Ya se sabe que Vallejo es el mayor poeta peruano del siglo XX. ¿Qué de nuevo, pues, ha de añadir este libro a la copiosa y proliferante lista de estudios sobre el autor de Santiago de Chuco? Creo que una respuesta posible se encuentra en el artículo Trilce: muletilla del canto y adorno del baile de jarana. En este texto, Granados se propone, ni más ni menos, que leer Trilce en clave de marinera limeña, es decir, desde el contexto de la modernización de Lima (años 20) y la gravitación de la clase proletaria… en específico desde la quinta o el callejón donde los obreros (…) celebraban la vida con aquel ritmo de raíz afro-peruana, puntualiza el autor. Este artículo, siendo tal vez el más audaz y personal de Vallejo sin fronteras, puede ser también el hilo conductor hacia los demás textos del libro.

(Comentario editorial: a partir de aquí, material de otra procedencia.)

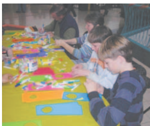
Children working on a variety of projects.

The United Way's Youth Volunteer Initiative (YVI) leveraged nearly 80 volunteers ranging from college and high school students to community volunteers to help run Family Volunteer Day. This includes 40-50 students from Northeastern High School who could not attend the event, but collected gloves, mittens and books on their own time to give to needy families. The Points of Light Foundation provided YVI with free stickers, temporary tattoos, window clings, decorative tins, and Disney's "Incredibles" DVDs to give away to families who volunteered at the event.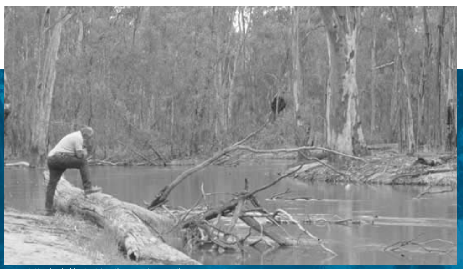
Overlooking a branch of the Edward River, Millewa Forest.

Regional catchment organisations could initiate working with State and Federal agencies to identify their freshwater ecosystems that are still relatively natural and intact. They need to ensure that at least a representative sample of such rivers is protected. In view of the degradation, this really means identifying any remaining undamaged rivers and ensuring appropriate management of the entire upstream catchment protects them. If this is not done adequately such plans may not achieve accreditation for funding.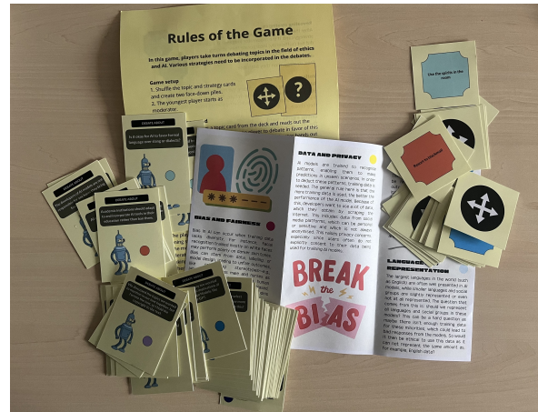
Figure 5: Debatable card game, with instructions and reference leaflet. Groningen edition 2024/2025. Credits: Ilse Kerkhove, Dertje Roggeveen Marieke Schelhaas, Mijke van Daal, Nikki van Gurp.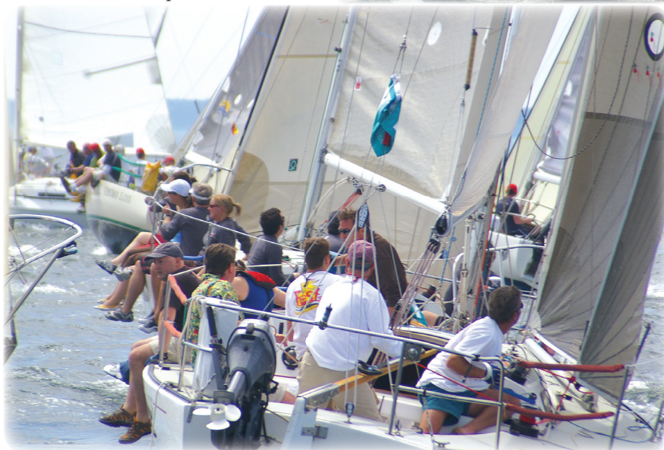
Center: Lots of sailors enjoying the incredible weather and fabulous racing.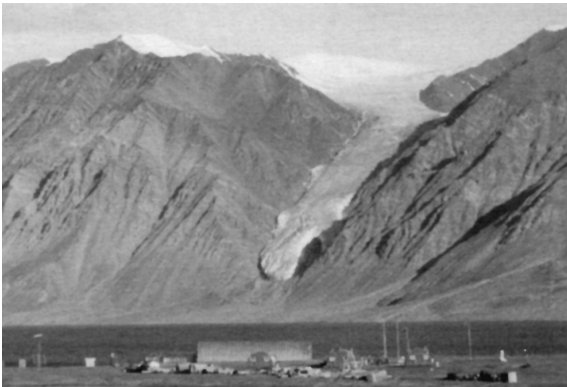
Tanquary Fiord, Ellesmere Island. (J. Kobalenko)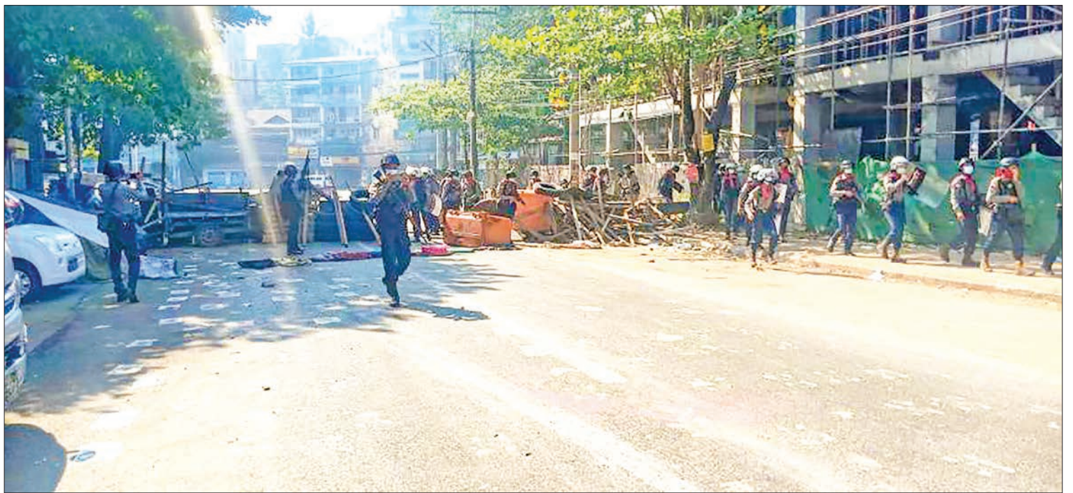
Police are clearing havoc on the road left by the protesters.

Most people who do not want to see instability in the country have called the hotlines in their respective regions and states and requested to control the public universities and hospitals and to take action ef-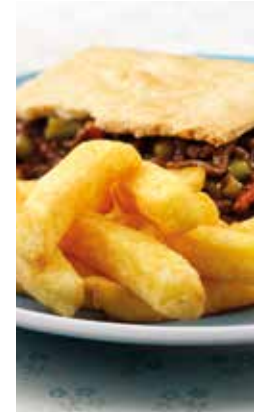
58710 McCain Surecrisp Traditional Chips 4 x 2.27kg £26.99 🍷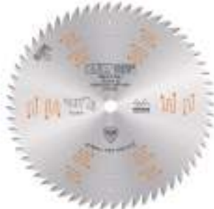
CMT Industrial Panel Saw Blades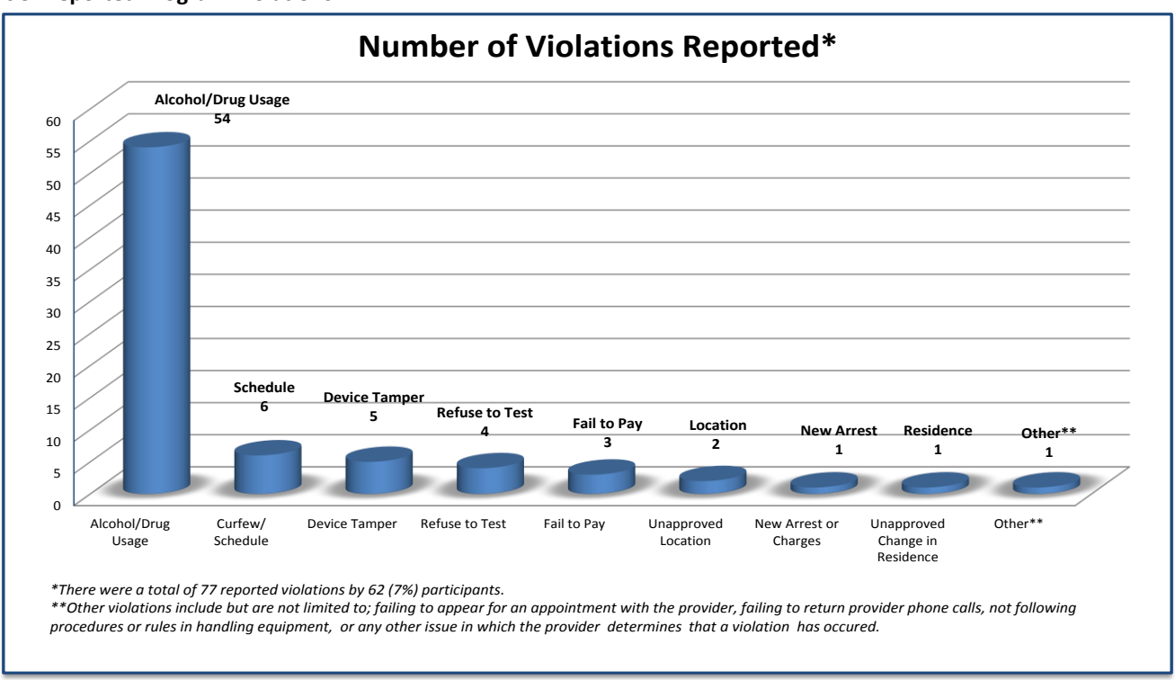
Metric 5: Reported Program Violations

Invocando, primero, a los datos biográficos que le debemos a Juan Espejo Asturrizaga, Granados plantea la posibilidad de que algo más de las dos terceras partes de Trilce se hayan escrito en Lima. Así, el contexto vital del poeta sería un primer factor –hipotético, es claro– para sugerir que la bohemia, la música criolla y el medio popular limeño constituirían la clave del enigmático poemario de Vallejo. El segundo argumento se refiere al título que, en opinión de Granados, aludiría al estribillo de una marinera de capricho limeña (La Tirana). Pero La Tirana de Vallejo, la trílcica, no sería más una alusión a España, sino al Perú. El tercer argumento del artículo se concentra en el análisis del poema XXXVII de Trilce. Este poema reproduce con bastante claridad una escena de cortejo, teniendo como telón de fondo una marinera y el consiguiente juego erótico y sexual. Granados afirma, finalmente, que el artículo es un esbozo de un proyecto en el que se lea todo Trilce en clave de jarana limeña, es decir, en cuanto evento oral, musical y corporal. Ésta es, a nuestro parecer, la gran apuesta de Granados, el elocuente pañuelo que inspira su lectura y –es oportuno decirlo– buena parte su escritura poética.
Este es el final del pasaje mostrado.